# New Website: Creation Without Compromise



## Guido's Brother (Jun 3, 2015)

I'd like to inform everyone of a new website to serve the Church on the issue of origins: Creation Without Compromise. We aim to provide resources supporting the historic Reformed view. Having just launched on June 1, there's not a lot there yet, but we plan to steadily add more in the weeks to come. While we're especially directing our efforts to the Canadian Reformed Churches, others may also find what we're doing of interest and/or of benefit.


----------



## mossy (Jun 3, 2015)

Guido's Brother said:


> I'd like to inform everyone of a new website to serve the Church on the issue of origins: Creation Without Compromise.

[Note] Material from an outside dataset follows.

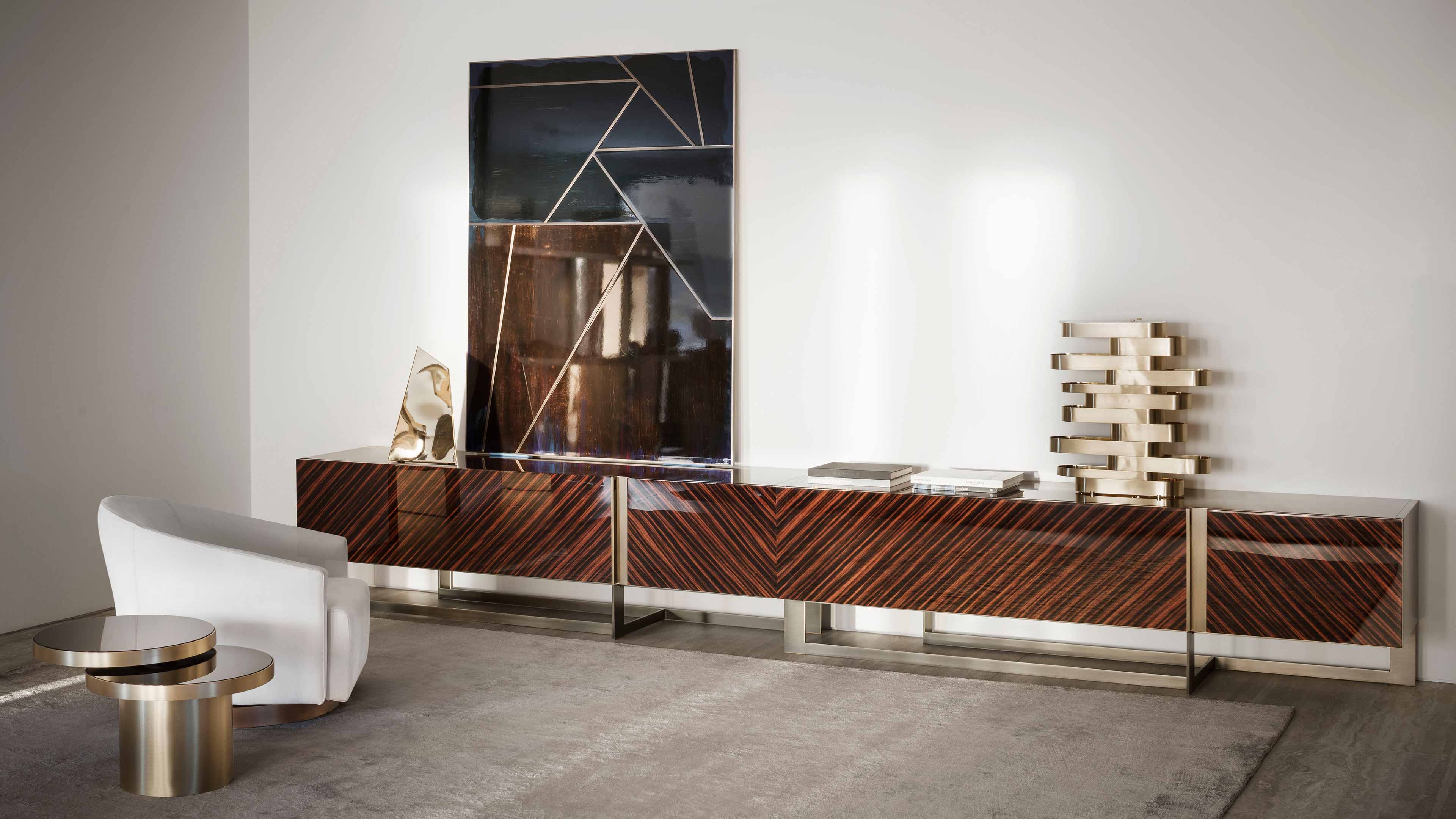 TV cabinet. Base finishes in bronze, chrome or black chrome. Structure in ebony or upholstered in leather, Doors in ebony, or upholstered in leather, or hand-painted.

We aim to provide resources supporting the historic Reformed view. Having just launched on June 1, there's not a lot there yet, but we plan to steadily add more in the weeks to come. While we're especially directing our efforts to the Canadian Reformed Churches, others may also find what we're doing of interest and/or of benefit.



Wes,
That looks great so far. Important subject. I look forward to reading more. 
Terry


----------



## psycheives (Jun 4, 2015)

I also look forward to this website. I like the Book Reviews" tab. This should be a hot spot because we all need help discerning and summarizing which books promote which view. A taxonomy/table would be helpful 

Curious, will this site take a stand on young/old earth debates or be supportive of both?


----------



## Hamalas (Jun 4, 2015)

Looks great! Good design features, very clean look.


----------



## Guido's Brother (Jun 4, 2015)

psycheives said:


> Curious, will this site take a stand on young/old earth debates or be supportive of both?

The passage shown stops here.